小石川二丁目マンションが確認申請取消処分

昨日、友人から電話がかかってきて、東京都建築審査会が小石川二丁目マンション(ル・サンク小石川後楽園)の建築確認申請を取消したと新聞で報じていると知らされた。

【東京新聞 2015年11月14日朝刊】

『文京区で建設中のマンションが建築基準法に違反しているとして、近隣住民が都建築審査会に建築確認を取り消すよう求めた審査請求があり、審査会が取り消しの裁決を下していたことが分かった。法律で安全確保が定められた、道路に直接通じる出入り口がある「避難階」に問題があるとされた。裁決は2日付。
このマンションは文京区内の傾斜地に位置し、地上8階地下2階建て。約100戸は完売している。急坂に面した地下1・2階と、地上1・2階が避難階となる。
 審査会は、このうち、一階の駐車場から道路へ出るために約2.5メートルの高低差があるスロープを上らねばならない構造になっていることなどを問題視した。区内の9人の住民が行った審査請求の申立代理人を務める日置雅晴弁護士は「危険なマンションに人が住むことを未然に防ぐ画期的な裁決」と話した。
 建築確認は民間の検査機関が行い、都に報告した。検査機関を指導・監督する都は、審査会の裁決を受け、建築主に「違反状態」の是正を指導できる。』

もうかれこれ10年以上争われている係争案件だったし、2005年にも清水建設の設計施工で確認が出され、(株)東京建築検査機構(TBTC)にて建築確認が許可されたものが東京都建築審査会で確認取り消しになっている。その後清水建設は事業から撤退し、設計は日建ハウジングシステム、施工は安藤・間で事業が進められていた。事業者は最初からNIPPOと神鋼。

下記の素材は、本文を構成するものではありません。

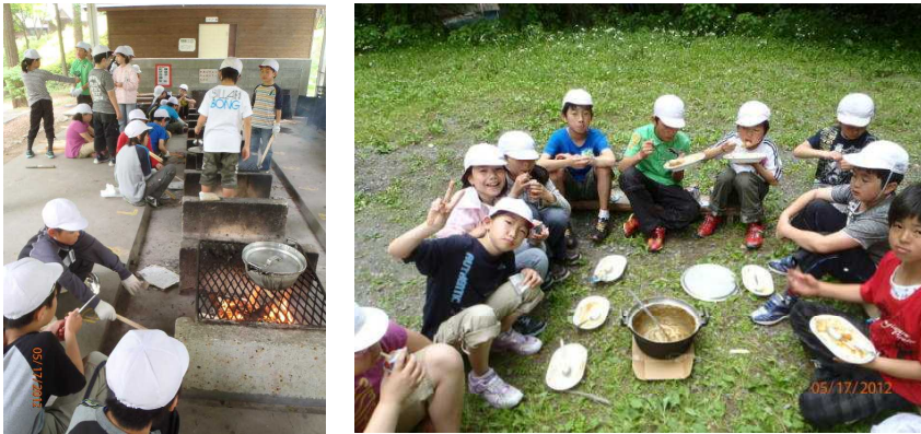
〈2日目のカレー作り〉
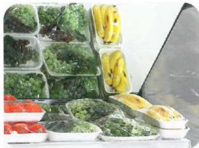
Specchio FV. FV mirror. Spiegel FV. Miroir FV. Espejo FV. Зеркало FV.
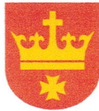
Gmina Miejska Starogard Gdański
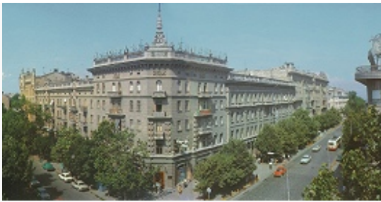
Дом китобойной флотилии «Слава». 1953. Архитекторы Г. В. Топуз, В. Л. Фельдштейн.

Р. Шидловского (1829–30, арх. Боффо; с 1924 Дворец культуры моряков), Старая биржа (1829–34, архитекторы Боффо и Г. И. Торичелли; перестройка – 1871–1873, арх. Ф. О. Моранди; ныне здание мэрии), жилые дома 1823–36. В центре бульвара – полукруглая площадь с двумя образующими её зданиями (Присутственные места, 1826–30, и гостиница «Петербургская», 1833, оба – арх. А. И.
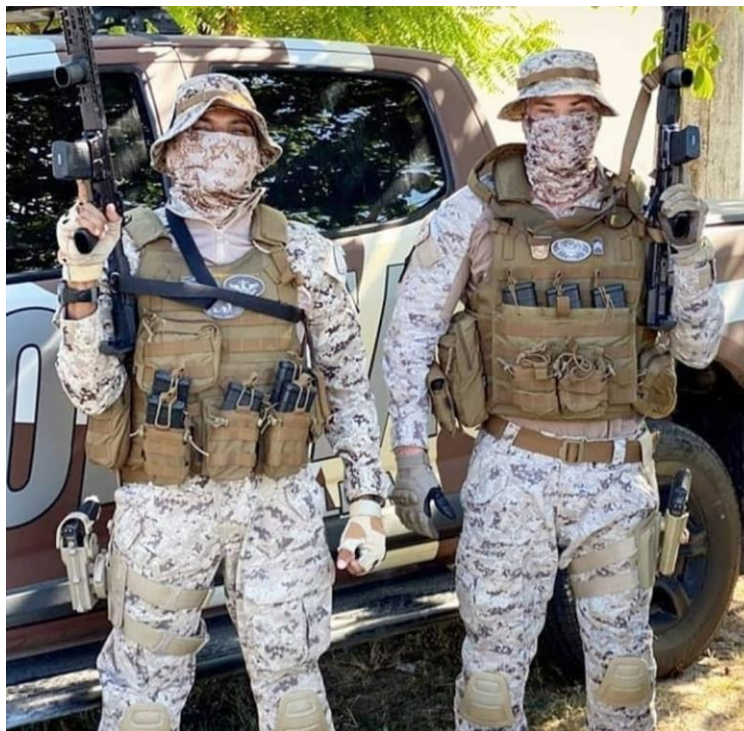
COTAR – PMCE
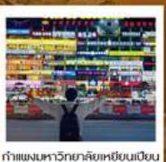
กำแพงมหาวิทยาลัยเหยียนเปียน
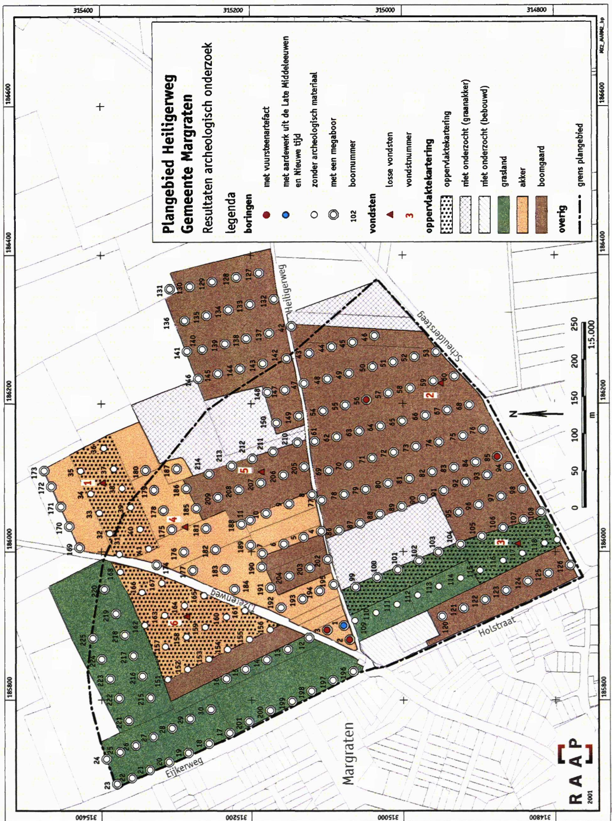
Figuur 2: De resultaten van het archeologisch onderzoek.
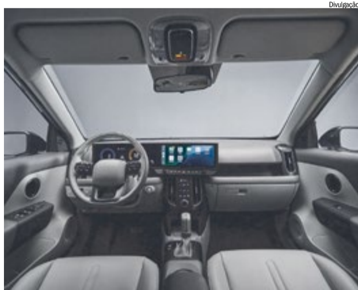
Interior entrega de tecnologia e praticidade ao motorista
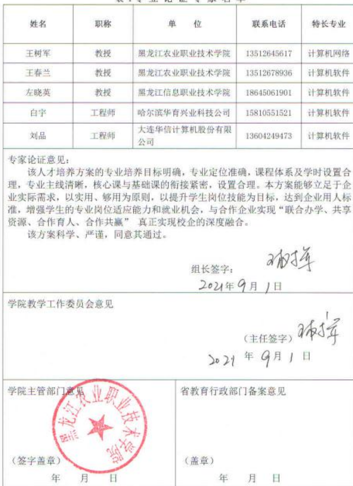
表1 专业论证专家名单
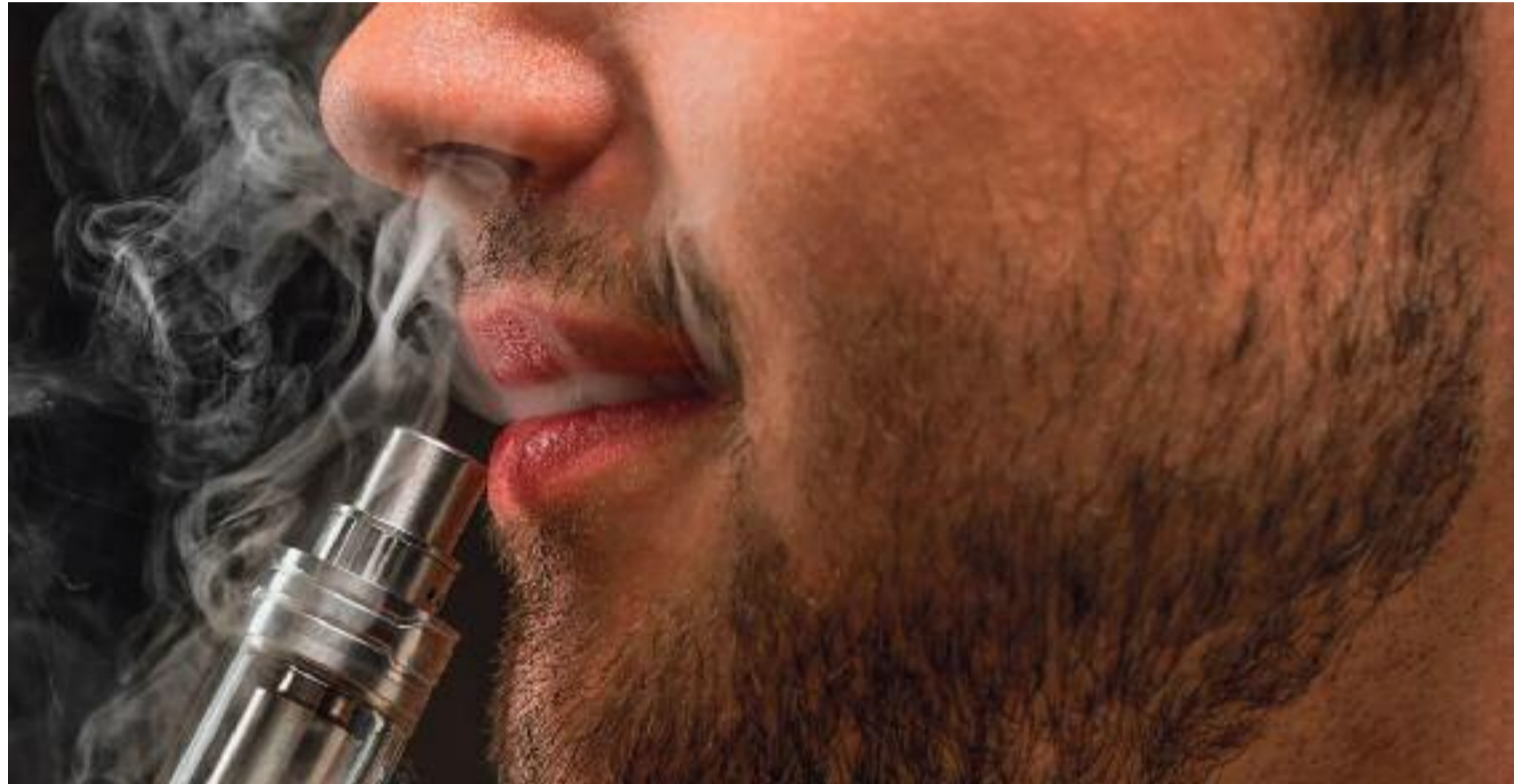
El consum de cigarretes electròniques ha augmentat entre els joves fins al punt de ser la porta d'entrada al tabac tradicional.

mador de tabac convencional, però fa uns mesos va començar a fumar vapes . "Una amiga en fuma i veus que fa bona olor, i em va venir de gust provar-ho", explica. Aquest jove relata que al principi consumia els que no tenen nicotina i sempre amb un ús recreatiu. "Ara no en faig un ús diari, però sí que en consumeixo unes tres nits a la setmana i intento no fer-ho mai de dia". Però finalment n'ha acabat comprant amb un 2% de nicotina. Tot i ser conscient dels components addictius, insisteix a definir el seu consum com el d'una catximba o pipes d'aigua.

都市計画法の開発許可に対する審査請求、棄却などを経て、今回の建築確認申請は2012年に都市居住評価センターが建築確認処分。2012年9月28日に付近住民9名が東京都建築審査会に審査請求をしていた。審査請求から裁決までに3年かかっている。まあ都市居住評価センターは、国交省に再審査請求なりをするだろうから、まだまだ係争は続くことだろう。

本年9月に確認申請の執行停止が東京都建築審査会で決定されていたので、最終的には建築確認申請は取消されるだろうと個人的には予想していた。

実は、この2015年9月7日付の執行停止処分が出たこと自体が画期的な裁決で、事例も少ないのではないかと記憶している。

この案件については、もっと住環境に配慮した事業計画や設計がなされても良かったのではないかと思っていた。

友人から電話で聞かれたことはこうした係争案件で敗訴した指定確認検査機関の確認検査員(決裁者・担当者)は、これから起きるであろう事業者等からの損害賠償請求についていかなる保証義務を負うのかということだった。

たぶん担当した確認検査員は、針の筵の上に座らされている精神状態だろうから、ここで書くのは控えさせてもらう。